While the court found no allegations of direct physical loss in a claim arising from COVID-19, the insured survived a motion to dismiss based upon its expectation of coverage. Humans & Res. v. Firstline Nat’l Ins. Co., 2021 U.S. Dist. LEXIS 3998 (E.D. Pa. Jan. 8, 2021).
The insured owned a restaurant in Philadelphia. In March 2020, local and statue authorities issued orders closing all non-essential businesses. The insured’s restaurant remained closed for several months. It was later permitted to re-open on a part-time, limited basis with restricted hours. The insured claimed that COVID-19 made the restaurant unusable in the way that it had been used before the pandemic. Because it derived most of its revenue from in-restaurant seating and business, the insured argued it suffered losses within the coverage of its policy with the insurer.

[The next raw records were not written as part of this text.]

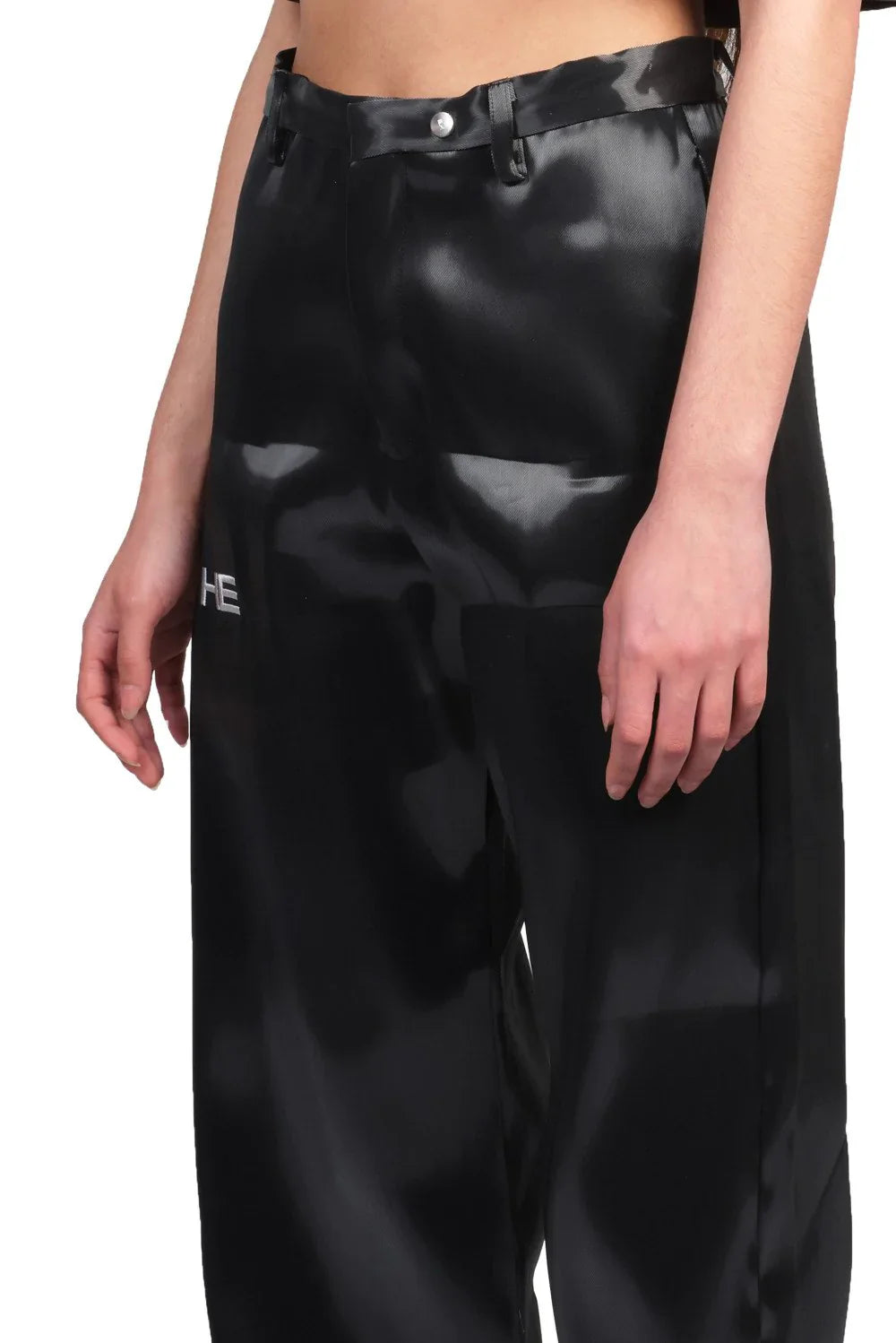 Relaxed-fit coated woven trousers in metallic silver-tone. Mid-rise. Four-pocket styling. Belt loops and press-stud fastening at waistband. Logo embroidered in white at front. Zip-fly. Logo-engraved silver-tone hardware.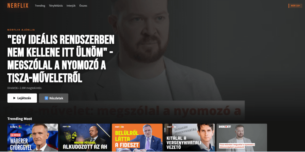 NERflix plays on Netflix, but replaces it with NER, short for Nemzeti Együttműködés Rendszere (“System of National Cooperation”), the official name of the Orbán-era political system that favoured cronies.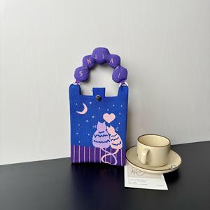 ハイエンドの新しい携帯電話バッグ、かわいい漫画のニットバッグ、ニッチなデザイン、トレンディなシングルショルダークロスボディショルダーバッグ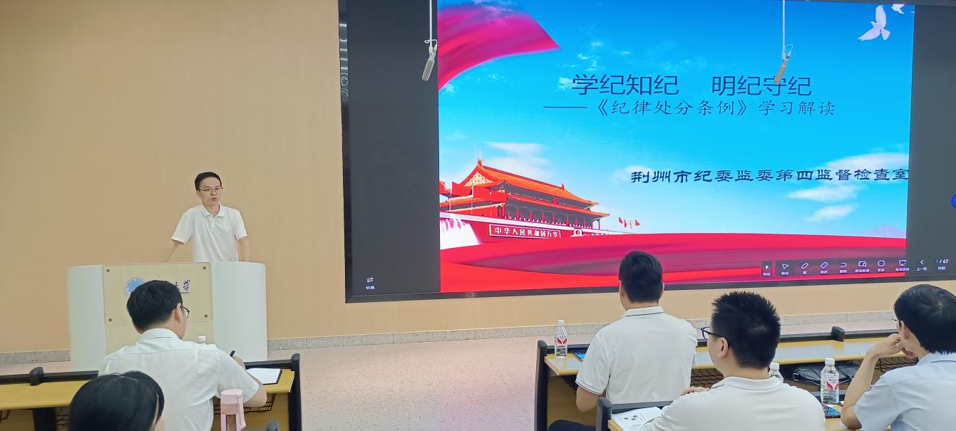 为进一步推进全院党纪学习教育见行见效、入脑入心,引导全院党员深刻理解把握新修订的《中国共产党纪律处分条例》(以下简称《条例》)主要内容,6月13日晚,荆州市纪委监委第四监督检查室主任胡辉应邀到计科学院作辅导报告。报告会由计科学院党委书记郑健主持,学院全体师生党员参加学习。

The insured filed for a declaratory judgment that its restaurant was covered for all of the business income losses that it had incurred as a result of its forced closure. The policy provided that business income coverage was triggered only when the suspension of business operations was caused by “direct physical loss” of or damage to property at the described premises, and that the loss or damage was caused by or resulted from a Covered Cause of Loss. The loss had to bear a causal relationship to some physical condition making the premises uninhabitable and unusable, or nearly as such.
The policy did not afford coverage for the losses claimed here. The policy also included a virus exclusion.
Nevertheless, the insured argued that Pennsylvania’s Doctrine of Reasonable Expectations applied to override the insurer’s denial of coverage. The court found this argument to be persuasive. Even the most clearly written exclusion did not bind the insured where the insurer created in the insured a reasonable expectation of coverage. The insured’s complaint alleged,
32. Plaintiff had a reasonable expectation that the policy’s business interruption coverage applied where a civil authority forced closure, thereby barring access to the business, due to an issue of public safety in the immediate area surrounding the Insured Property.
These allegations plausibly alleged facts which could give rise to a basis to afford coverage to the insured if proven. Therefore, the insurer’s motion to dismiss was denied to provide the insured the opportunity to take discovery on this point.